Uniform circular motion is a type of motion where an object moves along a circular path at a constant speed. This might sound a bit tricky, but when you break it down, it's quite simple! Even though the speed remains constant, the direction of the object's velocity is continuously changing as it moves around the circle. This constant change in direction means there is an acceleration present, known as centripetal acceleration.
In the case of our problem, the centripetal acceleration is what keeps the centripetal-acceleration addict moving in a circle. It acts towards the center of the circle, maintaining the motion's uniformity. The radius of the circle is given as 3.00 meters, which is the constant distance from the center of the circle to the path of motion.
Understanding uniform circular motion is critical when analyzing problems involving centripetal force and acceleration, as these are necessary to keep an object moving in a circular path without changing speed.

The velocity vector, denoted as \( \vec{v} \), is an important concept in describing motion. This vector doesn't just give the speed of an object, but also the direction of that speed.
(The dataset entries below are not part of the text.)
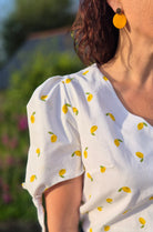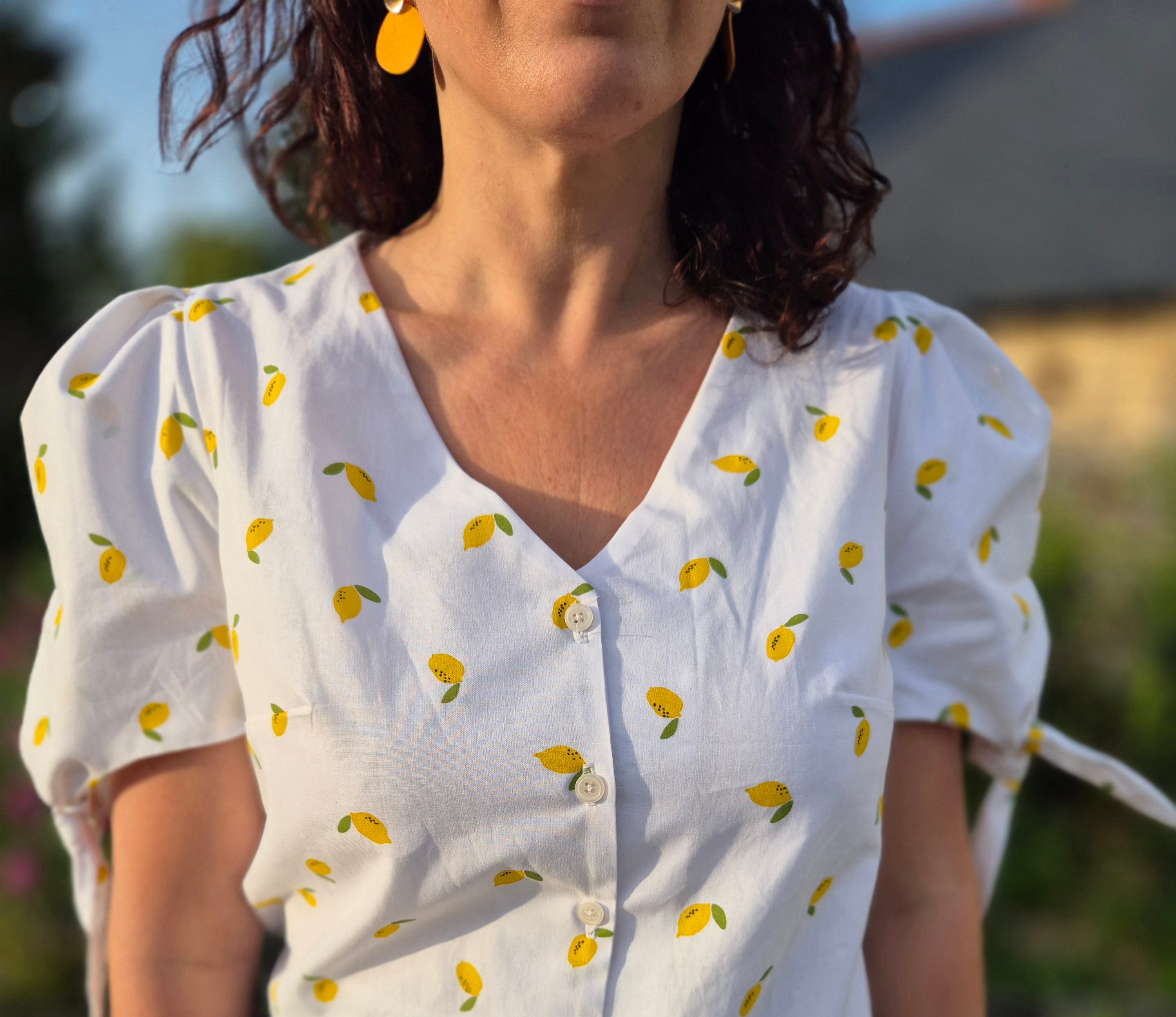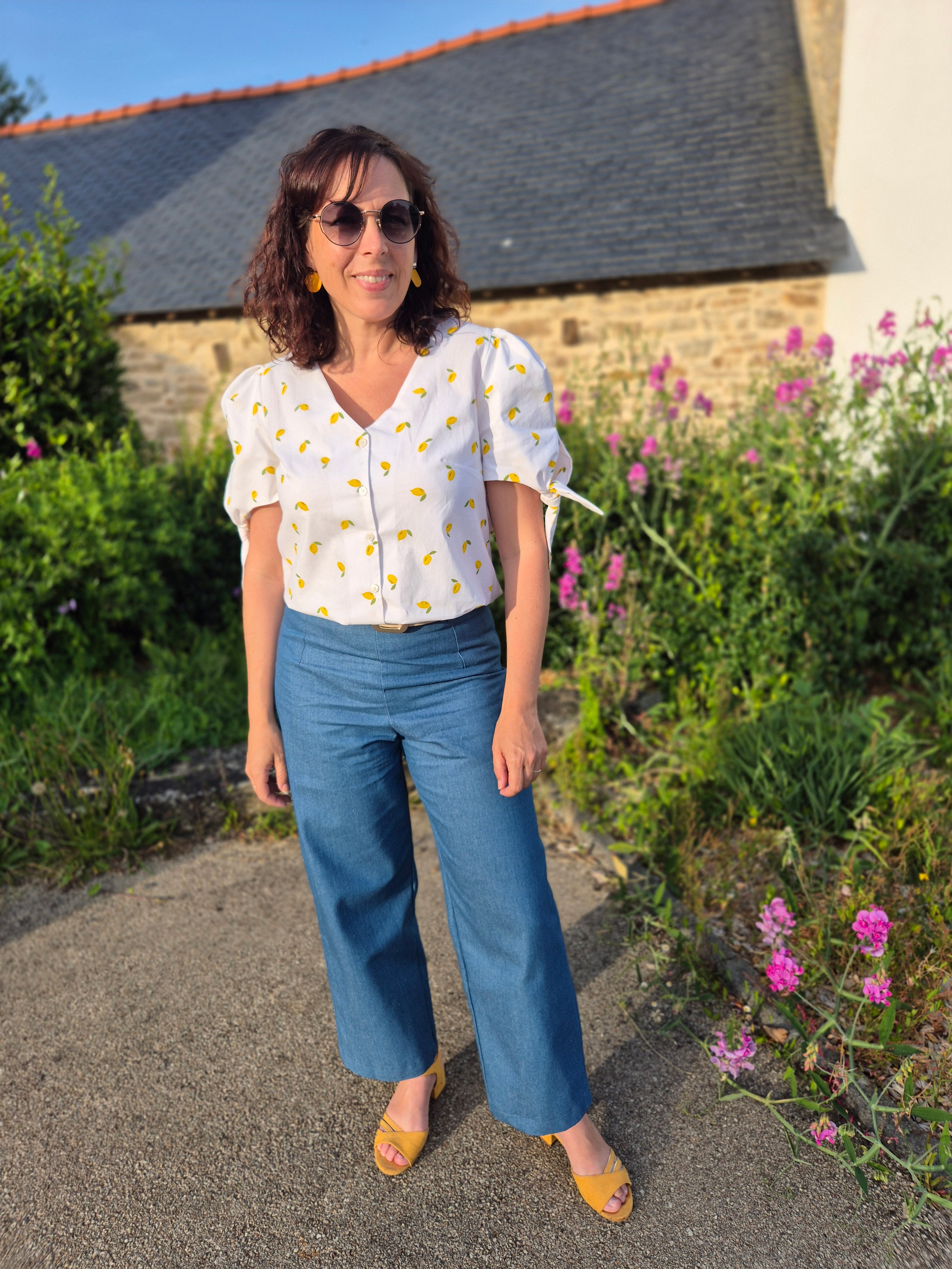 Le pantalon Fiteasy’m de Clématisse Pattern, cousu dans un denim clair, offre une coupe moderne et décontractée. Il est associé au chemisier Nina de Nine Patrons de Couture, réalisé dans une popeline de coton aux motifs citrons pour une note de fantaisie estivale.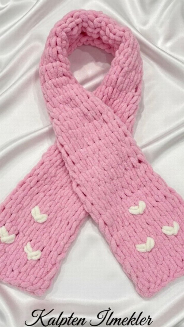Pembe renkli, örgü dokulu kadın şalı, yumuşak ve rahat dokusuyla sade beyaz kalp detaylarına sahiptir.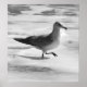 A seagull walking through the foam from a wave washing up on the beach in black & white.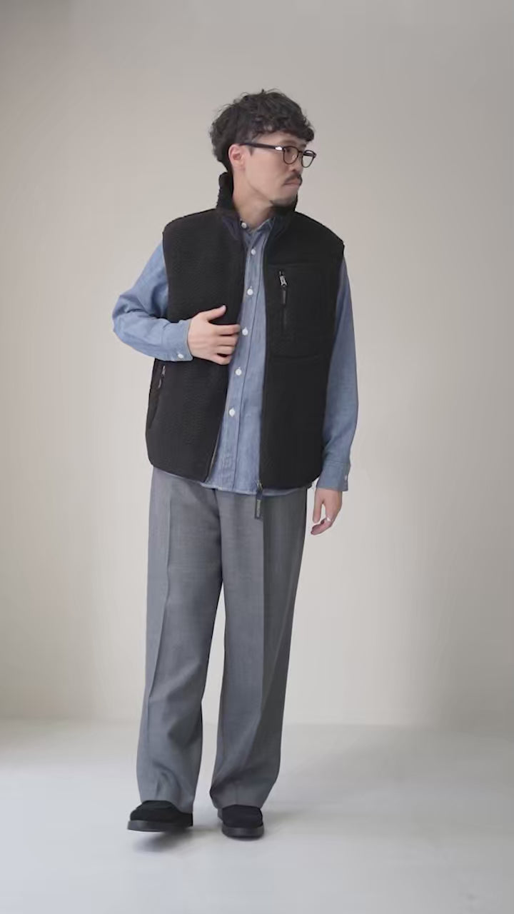 裏地は毛足のないフラットな肌触りなので、インナーと干渉しづらくスムーズに着用していただけます。

In the context of uniform circular motion, the velocity vector is always tangent to the circle, meaning it's directed along the path of the circle at any given point.
This perpendicular relationship between the velocity and acceleration vectors in circular motion is why their dot product \( \vec{v} \cdot \vec{a} \) is zero. The dot product measures how much one vector goes in the direction of another, and since they're perpendicular, this value is naturally zero. So, when we say \( \vec{v} \cdot \vec{a} = 0 \), it confirms the perpendicularity of the two vectors, a crucial part of circular motion mechanics.
Understanding how the velocity vector behaves and interacts with other vectors like acceleration helps us grasp how objects move in circular paths.

The cross product, represented by \( \vec{r} \times \vec{a} \), is another vector operation but results in a vector perpendicular to the plane defined by \( \vec{r} \) and \( \vec{a} \). This operation is used to determine the torque or rotational effect of forces.
In the case of our exercise, we use the cross product to find how the position vector \( \vec{r} \) and the acceleration vector \( \vec{a} \) interact in a rotational frame. The vector product produces a new vector along the direction perpendicular to both \( \vec{r} \) and \( \vec{a} \).
The cross product's magnitude is given by the area of the parallelogram spanned by the two vectors. It reflects the extent to which the acceleration can cause rotational motion about the center of the circle. Here, after doing the math, we find \( \vec{r} \times \vec{a} = -(18 \sin \theta + 12 \cos \theta) \hat{k} \) indicating the rotational influence at any angle \( \theta \).

The dot product, unlike the cross product, results in a scalar quantity and is determined by the product of the magnitudes of two vectors and the cosine of the angle between them. In the simple calculation of \( \vec{v} \cdot \vec{a} \), where \( \vec{v} \) and \( \vec{a} \) are velocity and acceleration vectors respectively, the resultant is zero when the vectors are perpendicular.
In uniform circular motion, this perpendicular nature is key because it ensures energy conservation throughout the motion. The dot product's result being zero signifies no work done along the direction of motion, maintaining constant kinetic energy of the moving object. Furthermore, it highlights that any force acting in the direction of velocity doesn't alter speed, only direction.
This fundamental property of the dot product ensures the mathematical consistency in problems involving circular motion and helps in simplifying complex dynamic equations.